METHODS: A total of 115 patients with liver injury of unknown reasons were enrolled in this study. The biochemical and immunological features, as well as virus markers, abdominal imaging findings and hepatic histopathology were analyzed.
RESULTS: A definite diagnosis was achieved by liver biopsy in 109 patients.

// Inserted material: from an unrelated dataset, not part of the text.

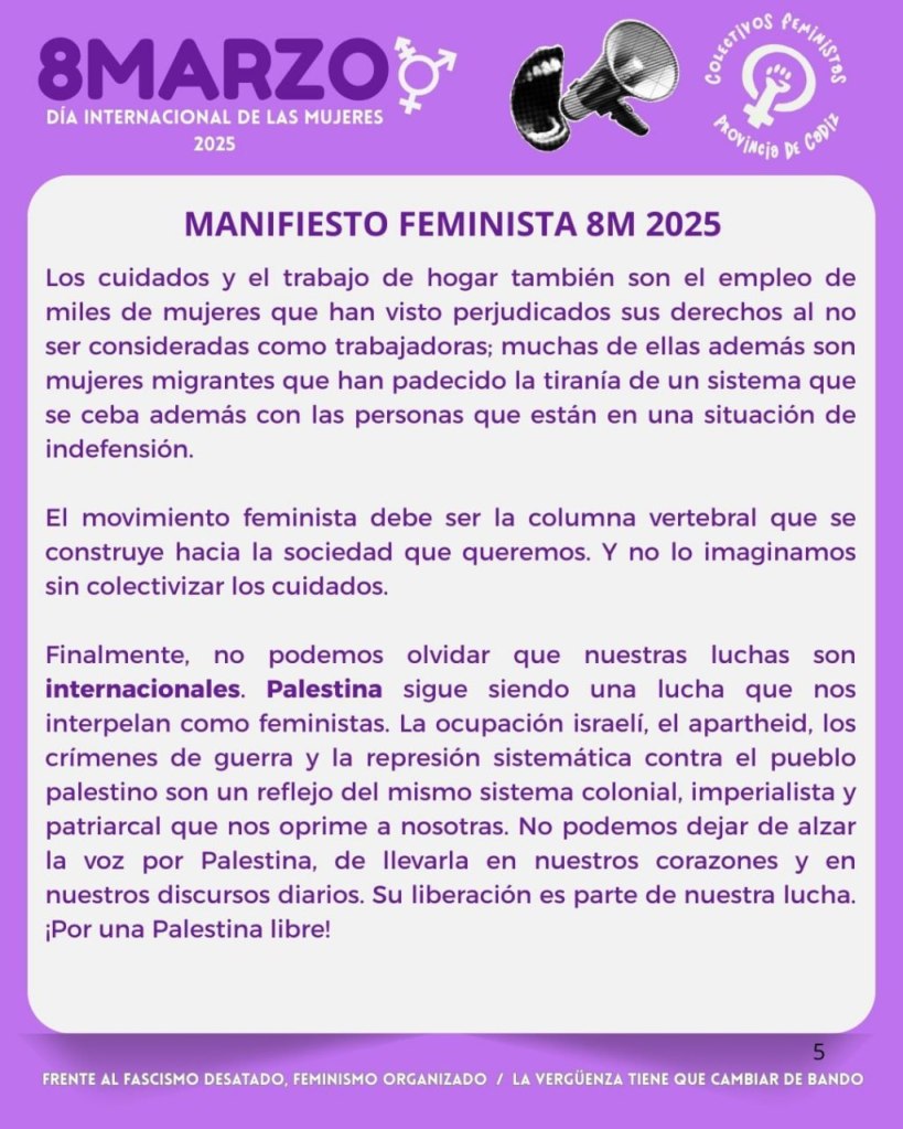 Finalmente, no podemos olvidar que nuestras luchas son internacionales. Palestina sigue siendo una lucha que nos interpelan como feministas. La ocupación israelí, el apartheid, los crímenes de guerra y la represión sistemática contra el pueblo palestino son un reflejo del mismo sistema colonial, imperialista y patriarcal que nos oprime a nosotras. No podemos dejar de alzar la voz por Palestina, de llevarla en nuestros corazones y en nuestros discursos diarios. Su liberación es parte de nuestra lucha. ¡Por una Palestina libre!

Among them, 38 were diagnosed with primary biliary cirrhosis (PBC), and the main pathological feature was non-suppurative inflammation in the bile duct; 31 with autoimmune hepatitis (AIH), which showed obvious interface inflammation in liver tissue; 27 with nonalcoholic fatty liver disease (NAFLD), which showed visible hepatic steatosis and ballooning degeneration; 4 with occult hepatitis B, which presented with portal inflammation and infiltration of lymphocytes and were positive for HBcAg and/or HBsAg as revealed by immunohistochemistry; 2 with hepatic amyloidosis, which showed a lot of eosin amyloid deposits reactive with Congo red in liver cells and blood sinus; 2 with hemochromatosis, which showed obvious iron pigment deposition in liver cells; 2 with glycogen storage disease, which showed extensive hyaline degeneration in hepatic cells and was positive for Dpas; 1 with schistosomiasis with schistosome eggs detected microscopically; 1 with toxoplasmosis, and electron microscopy revealed Toxoplasma gondii rhoptry; 1 with Dubin-Johnson syndrome, which showed thick, dark brown pigment particles in liver cells. There were still 6 cases in whom a definite diagnosis could not be achieved after liver biopsy.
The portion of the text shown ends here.